MASSACHUSETTS — The battle over using MCAS test results as a graduation requirement in Massachusetts — as well as using the standardized test scores to compare school performances — heated up this week with the state Department of Education releasing results from last spring showing students still well behind pre-COVID-19 learning levels.
Question 2 on the November ballot would eliminate passing the Massachusetts Comprehensive Assessment System as a graduation requirement, while teachers’ unions argue the test itself should be de-emphasized, if not scrapped entirely.
But state Education Secretary Patrick Tutwiler said in a news statement that the lagging scores “demonstrate the importance of continued assessment and accountability” and that the MCAS is a tool to help “build on these efforts to help all of our students realize their dreams and ambitions.”
Find out what's happening in Across Massachusettswith free, real-time updates from Patch.
The results showed students slipping even from 2023 in English Language Arts and remaining well below pre-pandemic scores. The results for math were even year over year, while also being well off 2019 scores, while science scores increased slightly year over year.
In English, 39 percent of students in grades 3 and 8 passed in 2024, compared to 42 percent in 2023 and 52 percent in 2019. For 10th-graders, 57 percent passed, compared to 58 percent in 2023 and 61 percent in 2019.
Find out what's happening in Across Massachusettswith free, real-time updates from Patch.
Math scores were even at 41 percent for third and eighth graders in both 2023 and 2024, compared to 49 percent in 2019. For 10th graders, scores were down to 48 percent from 50 percent in 2023, compared to 59 percent in 2019.
“As the MCAS results show today, the road back from the pandemic is not short,” Tutwiler said. “We’re encouraged to see that students are making gains in science and technology/engineering, but there is still more work to do in English language arts and math.”
State data showed most districts were making either moderate or substantial improvement toward targets — among those not already considered having achieved those targets — with only a handful of districts statewide lagging to the point of requiring additional state assistance.
But the Massachusetts Teachers Association and American Federation of Teachers both issued statements blasting the tests themselves on Tuesday as the campaign rages statewide on whether to continue to use them as a graduation requirement.
“We have long been concerned about the harm caused by the MCAS,” the MTA said. “That is why educators and public education advocates across the state are fighting to replace the MCAS graduation requirement associated with these tests.

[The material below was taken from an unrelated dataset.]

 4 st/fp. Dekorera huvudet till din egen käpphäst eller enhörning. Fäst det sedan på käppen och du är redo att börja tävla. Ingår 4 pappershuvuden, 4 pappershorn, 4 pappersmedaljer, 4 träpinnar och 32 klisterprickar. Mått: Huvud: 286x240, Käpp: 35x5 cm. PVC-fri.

“The use of these scores to rank and sort schools is also deeply problematic. MCAS data provide just one snapshot of student performance. The fact that MCAS scores from the spring are just now being released demonstrates how the exam is not designed to allow educators and districts to take immediate action to support students.”

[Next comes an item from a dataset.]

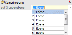Wenn Sie in der Gruppenauswertung bereits eine Auswertung auf Basis von Gruppennummern der Ebene zwei durchführen, erhalten Sie die 2. Ebene bereits in der Komprimierungsauswahl vorgeschlagen. Es erfolgt eine Summierung aller Buchungen der Ebene zwei bzw. der darunterliegenden Ebenen.

American Federation of Teachers Massachusetts President Jessica Tang called the MCAS a “punitive and narrow test-based system.”

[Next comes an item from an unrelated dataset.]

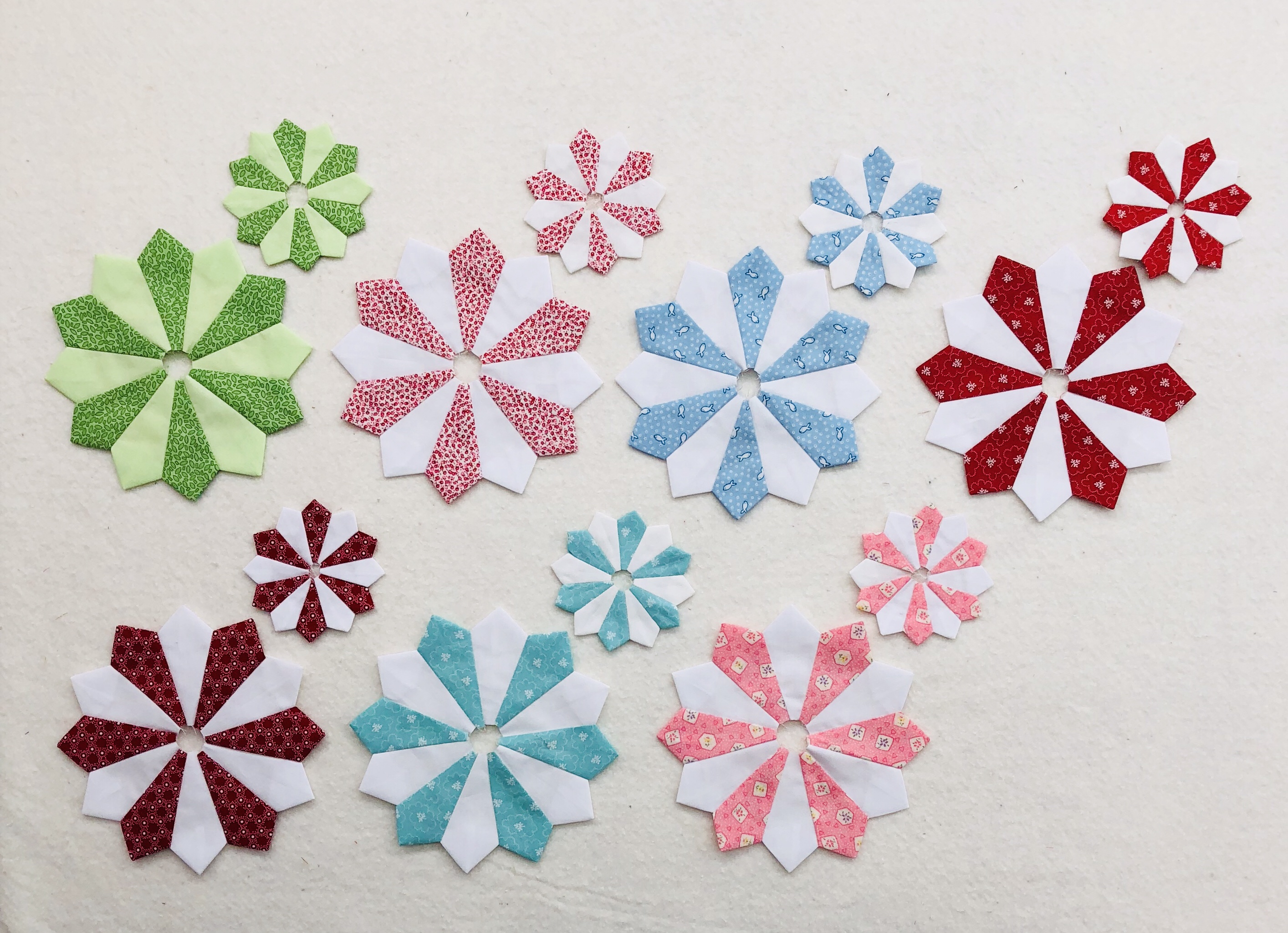Large Dresden Plates for Dresden HeavenMy first 12 Hearts for A Heart a Day in May!

“It’s concerning that the state continues to use an accountability system that is obviously not working — one that is punitive toward the students with the highest levels of need, one that only exacerbates the achievement gaps we’re seeing between students in our cities and their peers in wealthier suburbs,” she said.
The MTA said using the MCAS scores to rank schools against each other in the years following COVID-19 “will return us to a time when one’s ability to get a quality, public education was wholly reliant on their zip code.”
Click Here: newcastle knights jersey
The MTA is in favor of Question 2 eliminating the MCAS as a graduation requirement if they are to be administered at all.
“Removing the MCAS graduation requirement is one way that the exams can be placed in their proper context,” the MTA said. “Incorporating MCAS scores alongside results from other assessment tools routinely used by educators will provide more accurate and actionable information about student performance.”